Activity. Write out, word for word, each line from the start of the entries through the one holding "Srebrne sztućce na"; omit the pictures.

◆ ◆ ◆ ◆ ◆

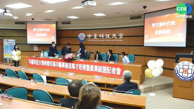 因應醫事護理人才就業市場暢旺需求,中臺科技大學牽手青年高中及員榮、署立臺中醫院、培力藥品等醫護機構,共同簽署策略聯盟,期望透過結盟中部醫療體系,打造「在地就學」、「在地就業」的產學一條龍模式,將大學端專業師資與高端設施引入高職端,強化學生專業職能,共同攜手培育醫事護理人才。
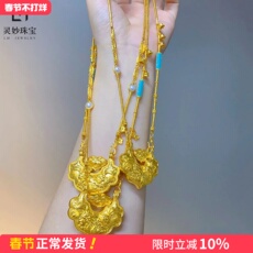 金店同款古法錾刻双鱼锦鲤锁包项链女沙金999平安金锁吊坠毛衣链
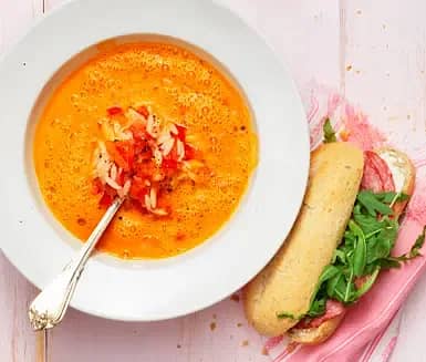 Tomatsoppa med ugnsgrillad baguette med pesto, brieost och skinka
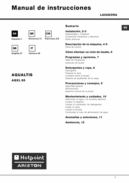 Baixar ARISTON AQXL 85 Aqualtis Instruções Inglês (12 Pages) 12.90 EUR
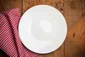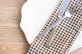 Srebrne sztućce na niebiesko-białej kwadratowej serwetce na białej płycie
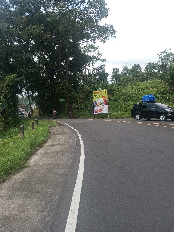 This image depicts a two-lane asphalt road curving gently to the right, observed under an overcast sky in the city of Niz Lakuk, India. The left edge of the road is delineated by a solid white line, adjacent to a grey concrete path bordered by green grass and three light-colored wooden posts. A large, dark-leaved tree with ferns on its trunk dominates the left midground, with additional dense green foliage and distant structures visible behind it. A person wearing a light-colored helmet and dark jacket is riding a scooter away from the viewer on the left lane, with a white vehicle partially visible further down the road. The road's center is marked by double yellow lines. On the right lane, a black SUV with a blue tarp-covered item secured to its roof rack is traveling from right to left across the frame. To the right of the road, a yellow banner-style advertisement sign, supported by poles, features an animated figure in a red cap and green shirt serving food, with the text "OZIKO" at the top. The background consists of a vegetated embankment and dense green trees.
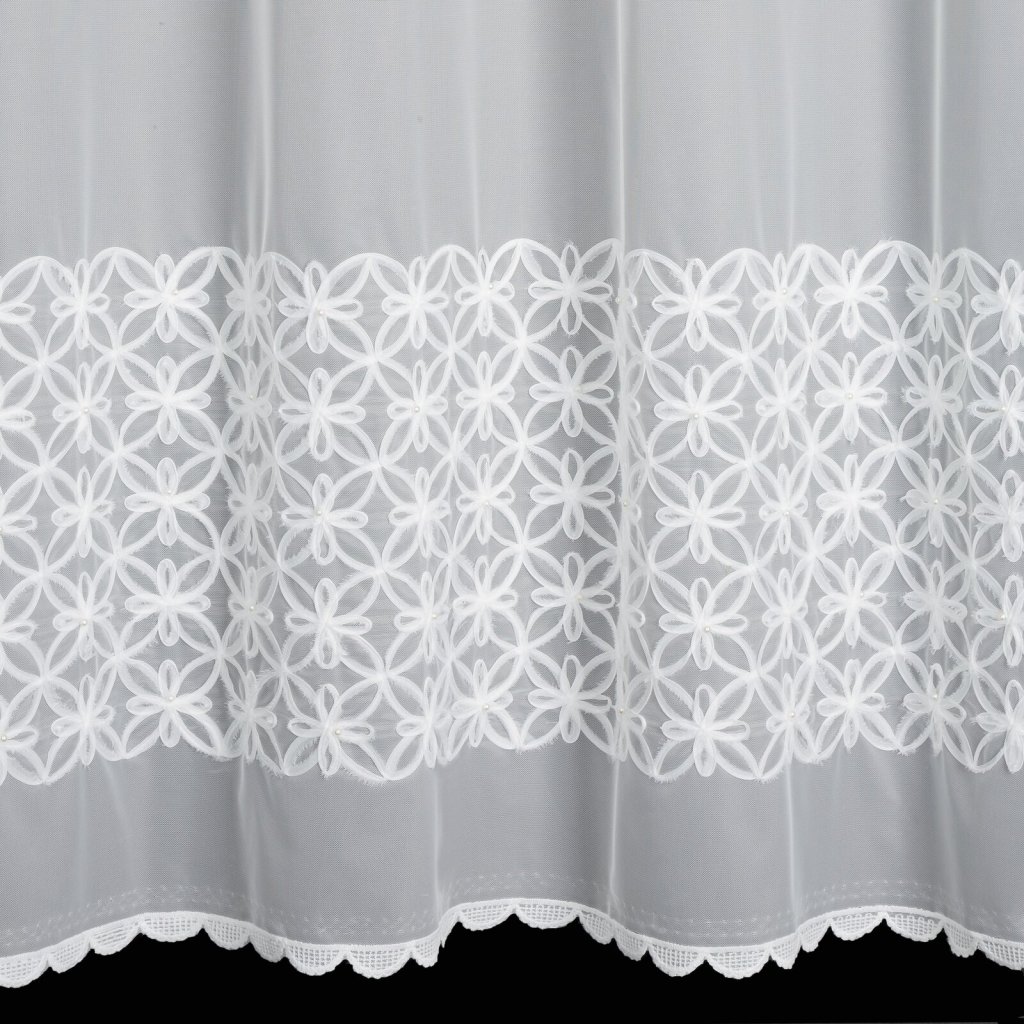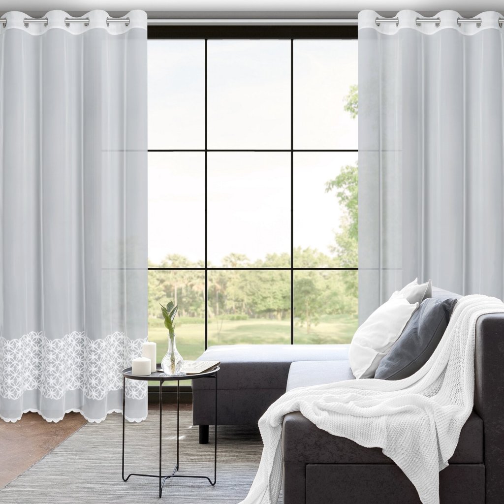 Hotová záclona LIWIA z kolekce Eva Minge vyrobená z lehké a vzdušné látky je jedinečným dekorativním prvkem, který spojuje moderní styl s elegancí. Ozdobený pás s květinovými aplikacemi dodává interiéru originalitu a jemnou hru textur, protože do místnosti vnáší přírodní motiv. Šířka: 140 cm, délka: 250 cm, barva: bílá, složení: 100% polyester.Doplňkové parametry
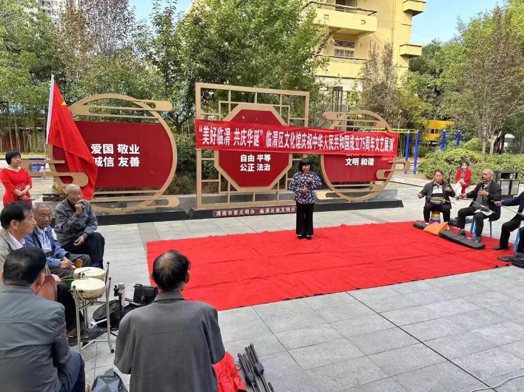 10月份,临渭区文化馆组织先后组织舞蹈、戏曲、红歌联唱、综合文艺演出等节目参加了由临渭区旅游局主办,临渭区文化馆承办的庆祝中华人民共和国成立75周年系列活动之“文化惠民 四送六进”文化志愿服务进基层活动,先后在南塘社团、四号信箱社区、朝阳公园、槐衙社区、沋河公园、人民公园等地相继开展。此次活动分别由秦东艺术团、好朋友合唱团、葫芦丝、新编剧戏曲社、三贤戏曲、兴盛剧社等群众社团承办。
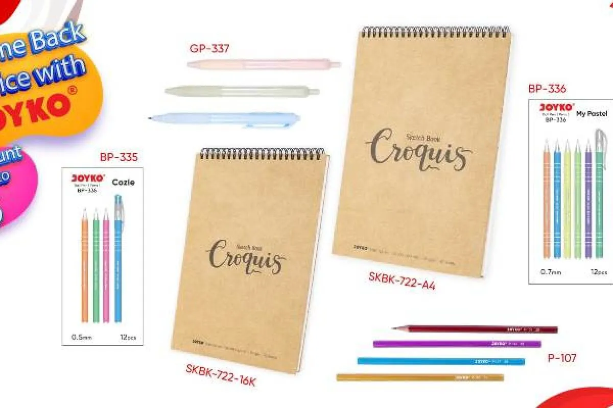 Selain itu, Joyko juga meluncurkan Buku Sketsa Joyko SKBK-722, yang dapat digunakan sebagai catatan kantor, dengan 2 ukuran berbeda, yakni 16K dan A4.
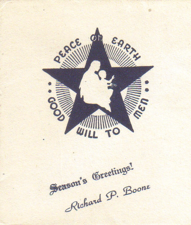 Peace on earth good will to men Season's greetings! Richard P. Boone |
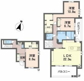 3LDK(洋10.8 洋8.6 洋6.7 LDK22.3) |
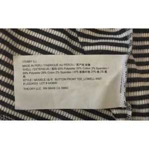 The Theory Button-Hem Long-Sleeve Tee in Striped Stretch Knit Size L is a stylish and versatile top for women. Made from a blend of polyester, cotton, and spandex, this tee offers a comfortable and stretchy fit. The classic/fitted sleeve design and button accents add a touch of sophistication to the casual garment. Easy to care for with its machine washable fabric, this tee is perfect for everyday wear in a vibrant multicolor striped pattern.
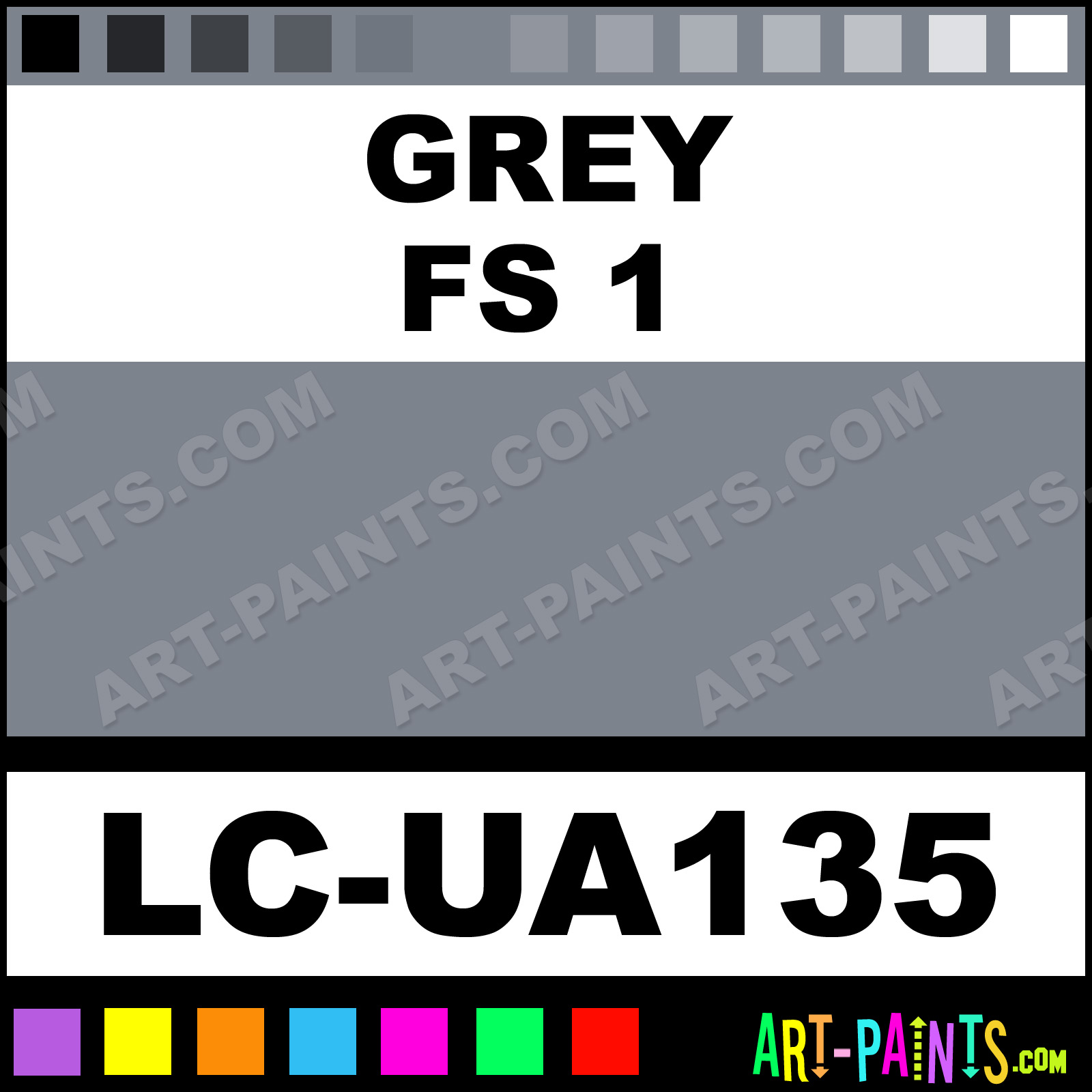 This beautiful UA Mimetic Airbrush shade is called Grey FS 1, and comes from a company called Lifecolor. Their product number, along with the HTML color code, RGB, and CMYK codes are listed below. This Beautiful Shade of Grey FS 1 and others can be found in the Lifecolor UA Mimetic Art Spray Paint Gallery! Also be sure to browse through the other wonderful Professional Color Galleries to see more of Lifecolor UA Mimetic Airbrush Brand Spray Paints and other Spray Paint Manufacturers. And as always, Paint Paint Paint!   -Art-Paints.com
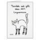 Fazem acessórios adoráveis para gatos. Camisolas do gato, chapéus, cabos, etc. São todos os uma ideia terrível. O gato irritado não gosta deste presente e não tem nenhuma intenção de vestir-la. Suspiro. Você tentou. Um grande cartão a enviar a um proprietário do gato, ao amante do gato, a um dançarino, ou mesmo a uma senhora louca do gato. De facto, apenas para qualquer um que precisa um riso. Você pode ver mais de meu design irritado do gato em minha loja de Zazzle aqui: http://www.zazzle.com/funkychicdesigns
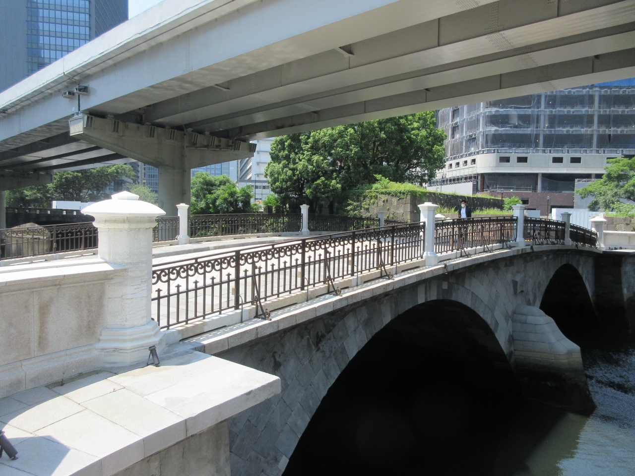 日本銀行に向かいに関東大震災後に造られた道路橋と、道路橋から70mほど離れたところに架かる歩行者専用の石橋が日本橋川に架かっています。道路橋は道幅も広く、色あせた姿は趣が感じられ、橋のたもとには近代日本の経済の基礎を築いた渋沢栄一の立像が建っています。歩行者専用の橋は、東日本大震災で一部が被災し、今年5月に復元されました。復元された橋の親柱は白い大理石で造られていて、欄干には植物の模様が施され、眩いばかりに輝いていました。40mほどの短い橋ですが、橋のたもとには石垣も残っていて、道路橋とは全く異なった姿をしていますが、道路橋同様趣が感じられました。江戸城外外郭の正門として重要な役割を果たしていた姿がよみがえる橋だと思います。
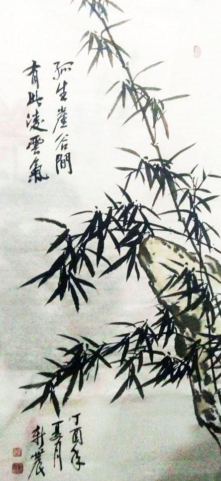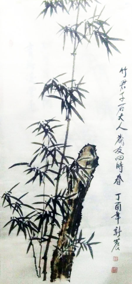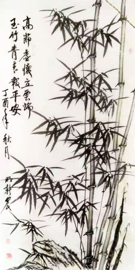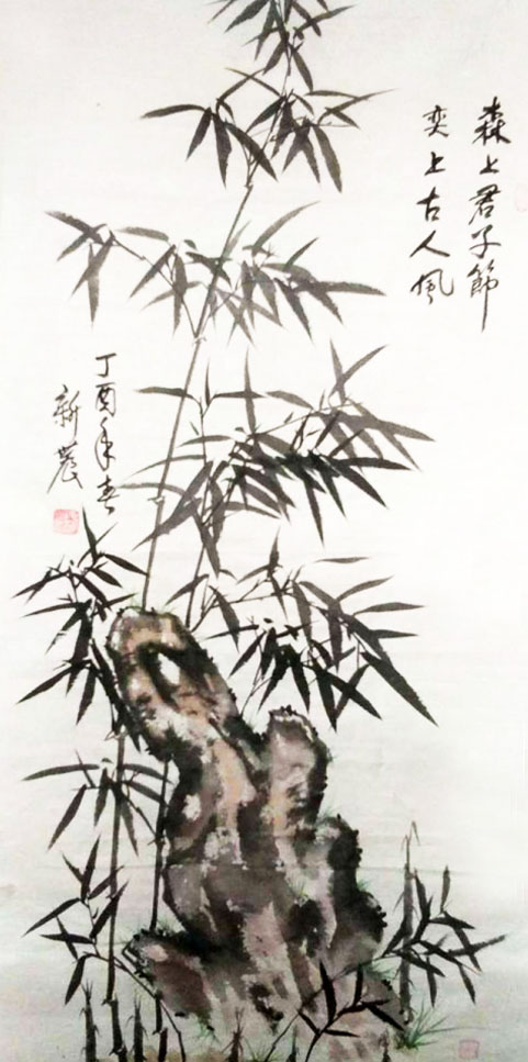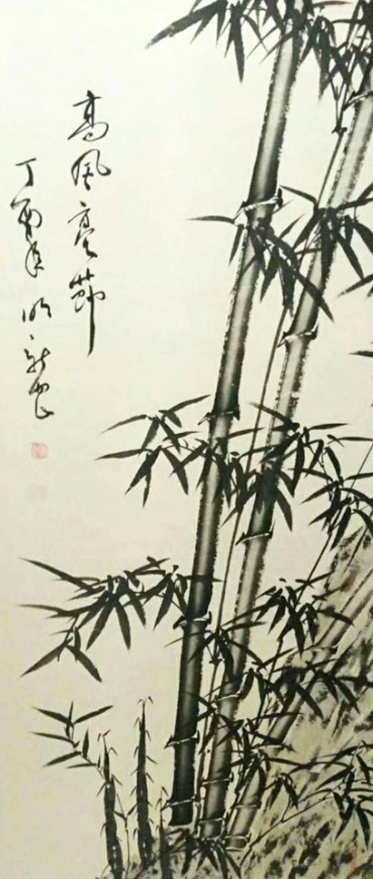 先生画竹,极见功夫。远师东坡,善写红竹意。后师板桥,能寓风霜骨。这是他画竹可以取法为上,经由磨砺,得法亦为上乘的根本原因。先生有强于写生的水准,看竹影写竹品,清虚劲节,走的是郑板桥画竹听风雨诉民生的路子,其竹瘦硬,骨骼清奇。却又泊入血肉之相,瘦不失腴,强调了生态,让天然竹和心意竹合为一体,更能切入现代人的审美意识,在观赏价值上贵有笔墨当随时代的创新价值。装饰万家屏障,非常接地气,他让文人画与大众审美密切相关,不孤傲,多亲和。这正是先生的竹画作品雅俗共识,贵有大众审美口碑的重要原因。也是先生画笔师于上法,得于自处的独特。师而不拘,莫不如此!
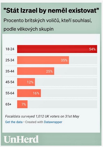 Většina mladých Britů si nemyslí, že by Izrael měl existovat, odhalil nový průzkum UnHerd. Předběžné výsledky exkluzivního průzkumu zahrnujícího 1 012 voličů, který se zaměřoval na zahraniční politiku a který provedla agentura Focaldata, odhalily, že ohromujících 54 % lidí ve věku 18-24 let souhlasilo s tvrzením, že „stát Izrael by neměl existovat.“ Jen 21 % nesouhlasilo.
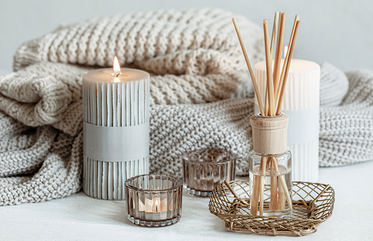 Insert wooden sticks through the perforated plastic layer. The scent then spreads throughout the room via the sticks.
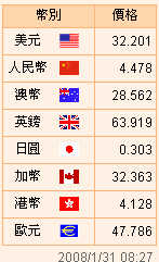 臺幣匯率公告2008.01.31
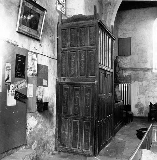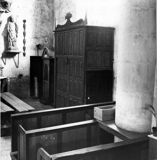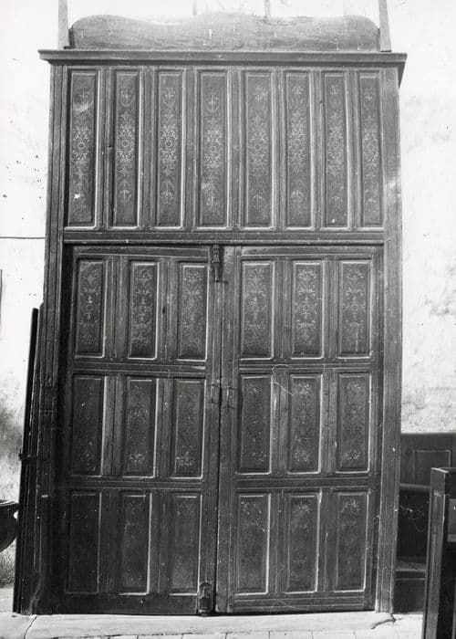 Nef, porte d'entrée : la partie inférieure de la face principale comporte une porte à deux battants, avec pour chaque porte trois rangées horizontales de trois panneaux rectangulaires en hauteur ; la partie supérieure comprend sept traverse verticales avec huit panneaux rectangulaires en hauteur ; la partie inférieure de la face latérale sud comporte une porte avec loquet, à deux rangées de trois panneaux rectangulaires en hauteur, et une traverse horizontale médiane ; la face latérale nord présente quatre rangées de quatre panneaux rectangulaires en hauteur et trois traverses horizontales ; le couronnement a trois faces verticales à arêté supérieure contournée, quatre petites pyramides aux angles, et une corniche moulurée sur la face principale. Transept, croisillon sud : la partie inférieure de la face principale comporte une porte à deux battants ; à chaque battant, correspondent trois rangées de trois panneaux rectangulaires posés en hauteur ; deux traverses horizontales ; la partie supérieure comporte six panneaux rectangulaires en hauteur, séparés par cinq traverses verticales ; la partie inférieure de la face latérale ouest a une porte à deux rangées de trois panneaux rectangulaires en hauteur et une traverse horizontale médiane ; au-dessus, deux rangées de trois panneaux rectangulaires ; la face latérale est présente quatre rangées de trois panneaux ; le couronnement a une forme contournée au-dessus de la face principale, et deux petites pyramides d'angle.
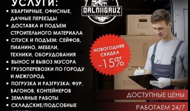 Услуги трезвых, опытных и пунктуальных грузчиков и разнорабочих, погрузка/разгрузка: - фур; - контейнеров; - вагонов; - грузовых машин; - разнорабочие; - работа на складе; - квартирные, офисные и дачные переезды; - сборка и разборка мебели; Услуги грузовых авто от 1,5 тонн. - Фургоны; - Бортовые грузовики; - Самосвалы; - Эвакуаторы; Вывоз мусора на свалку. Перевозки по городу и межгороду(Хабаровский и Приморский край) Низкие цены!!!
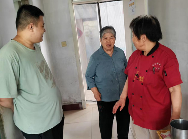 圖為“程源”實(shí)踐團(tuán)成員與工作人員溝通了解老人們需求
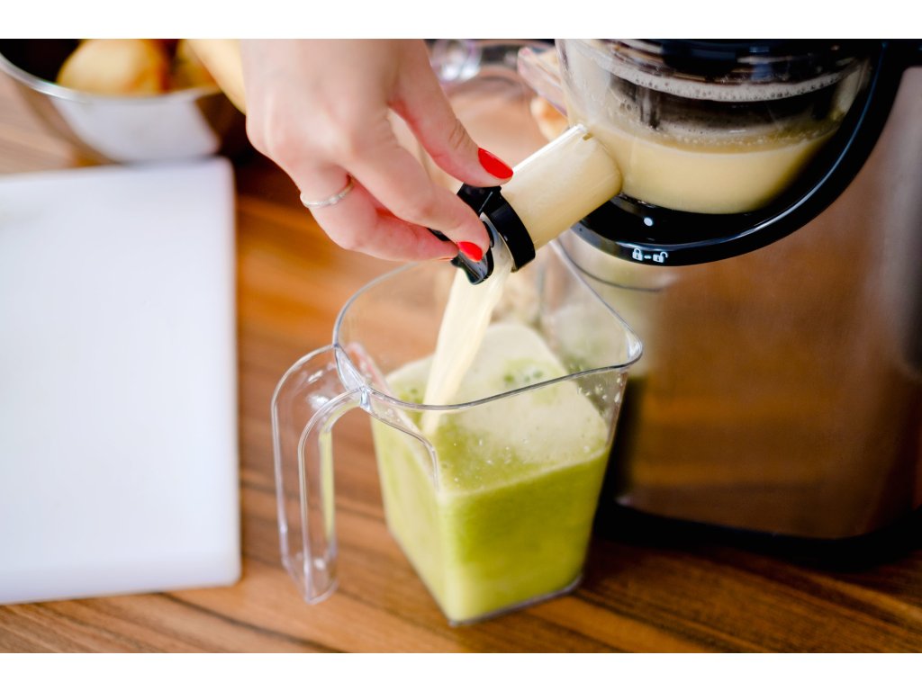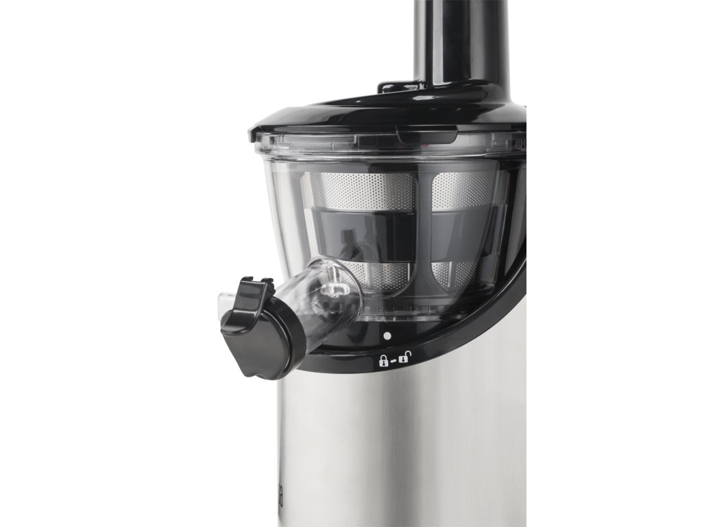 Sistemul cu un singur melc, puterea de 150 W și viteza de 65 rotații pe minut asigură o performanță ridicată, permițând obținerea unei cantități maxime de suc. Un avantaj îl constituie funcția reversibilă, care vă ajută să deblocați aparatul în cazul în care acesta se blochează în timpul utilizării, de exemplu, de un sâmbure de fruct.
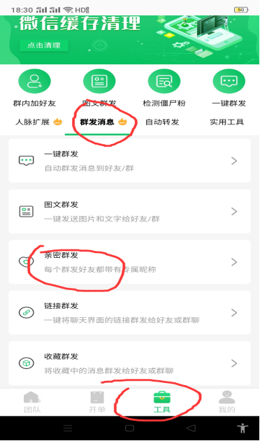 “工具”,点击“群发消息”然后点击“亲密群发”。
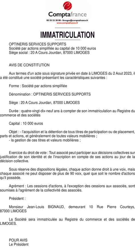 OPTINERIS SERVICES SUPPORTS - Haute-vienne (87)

◆ ◆ ◆ ◆ ◆

Answer section.
 因應醫事護理人才就業市場暢旺需求,中臺科技大學牽手青年高中及員榮、署立臺中醫院、培力藥品等醫護機構,共同簽署策略聯盟,期望透過結盟中部醫療體系,打造「在地就學」、「在地就業」的產學一條龍模式,將大學端專業師資與高端設施引入高職端,強化學生專業職能,共同攜手培育醫事護理人才。
 金店同款古法錾刻双鱼锦鲤锁包项链女沙金999平安金锁吊坠毛衣链
 Tomatsoppa med ugnsgrillad baguette med pesto, brieost och skinka
 Baixar ARISTON AQXL 85 Aqualtis Instruções Inglês (12 Pages) 12.90 EUR
 Srebrne sztućce na niebiesko-białej kwadratowej serwetce na białej płycie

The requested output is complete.